Defrag Tools: #26 - WinDbg - Semaphores, Mutexes and Timers

In this episode of Defrag Tools, Andrew Richards, Chad Beeder and Larry Larsen continue looking at the Debugging Tools for Windows (in particular WinDbg). WinDbg is a debugger that supports user mode debugging of a process, or kernel mode debugging of a computer.
This installment goes over the cables and configuration steps required to set up kernel mode debugging.

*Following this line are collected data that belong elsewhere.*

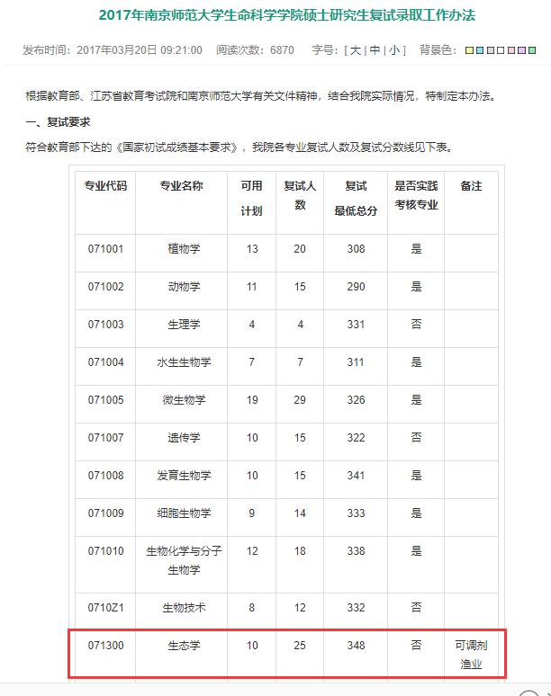 (2)南师大生态学专业基本情况分析及考研难度分析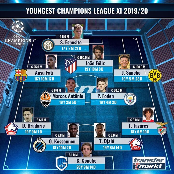 Fati, Foden, Felix and Sancho lead 2019/20 youngest Champions League XI, 17-year-old Inter striker Esposito included. Copyright Declaration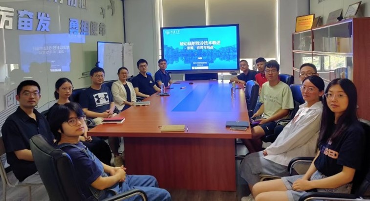 范成老师首先对冯驰老师的到来表示热烈欢迎,冯驰教授作了题为《被动辐射致冷技术概述—原理、应用与挑战》的学术报告。报告首先介绍了辐射制冷技术的原理,然后探讨了其结构和应用场景,重点介绍了辐射制冷技术在建筑科学方面的应用以及最近的研究进展,包括辐射制冷涂层性能的研究和辐射制冷对建筑长期能效的影响,最后总结了辐射制冷技术的未来研究方向。随后,与会师生和冯驰老师就学术报告内容开展了交流讨论。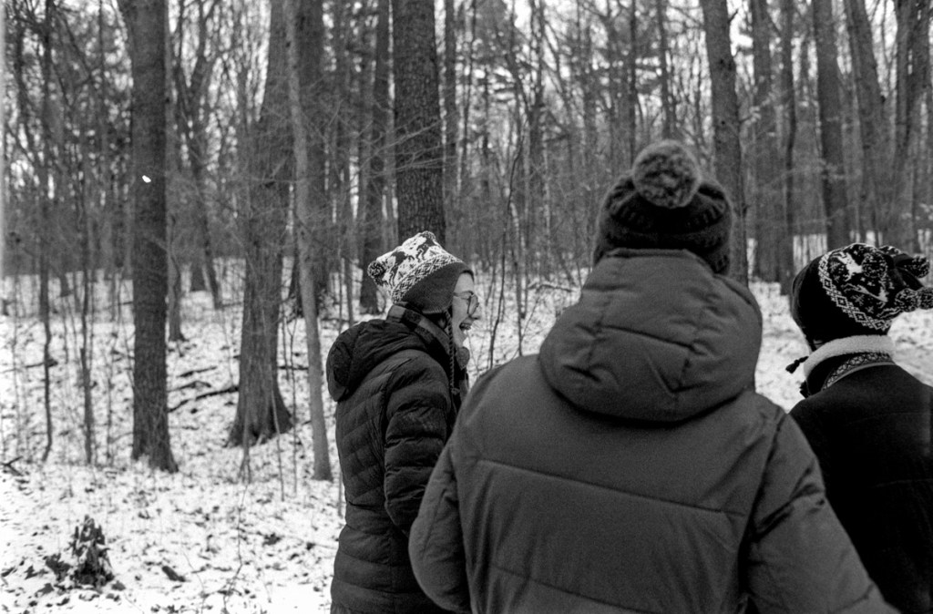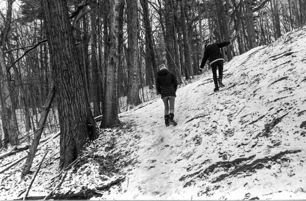 Baird’s Creek Greenway is an incredible city park that buttresses 4 miles of the eponymous creek. It’s just under 400 acres in size and has 14 miles of trails, ski trails, bike trails, as well as frisbee golf, excellent sledding hills, and more. Be prepared to get lost! The signage leaves something to be desired. It’s something of an important park to our family. This was my dad’s favorite place in town to photograph. In the early 2000s you might have found him here under his hood focusing against the ground glass of his 4×5 field camera. We scattered a portion of his ashes here. It was an obvious choice for our New Year’s Day hike.

We use these BCDEdit commands:
In the debug session, we use these commands:
Make sure you watch Defrag Tools Episode #1 and Defrag Tools Episode #23 for instructions on how to get the Debugging Tools for Windows and how to set the required environment variables for symbol and source code resolution.
Resources:
NT Debugging Blog - How to Setup a Debug Crash Cart to Prevent Your Server from Flat Lining
NT Debugging Blog - Remoting Your Debug Crash Cart With KDNET [10th May 2013]
USBView
USB3 Debugging Cable
- Note, you must use a USB3 A-A cable designed for debugging, otherwise it will fry your box!
Timeline:
[00:45] - Kernel Debugging Cables
[02:14] - USB 2.0
[04:13] - USB 3.0 - New in Windows 8/Windows RT
[05:30] - 1394 (Firewire)
[10:39] - Break
[11:38] - Driver Objects
[16:00] - Network - New in Windows 8/Windows RT
[17:30] - Breakpoint commands
[26:00] - Network - BCDEdit
[33:37] - SecureBoot and BitLocker
Great show.
btw as a little tid-bit of info... IEEE1394/FireWire is actually the first form of serialized SCSI. Thus why it has channels 0..63 - it's the number of SCSI id's/slots on a SCSI bus. The electrical transport specifications of 1394 has seen been obsoleted when connecting to hard drives. SAS (Serial Attached SCSI) Hard Drives now use the Nexus electrical standard - which is everywhere - GigE, PCIe, HDMI, SATA, SAS. The 1394 protocol lives on today in the SAS communciation protocol.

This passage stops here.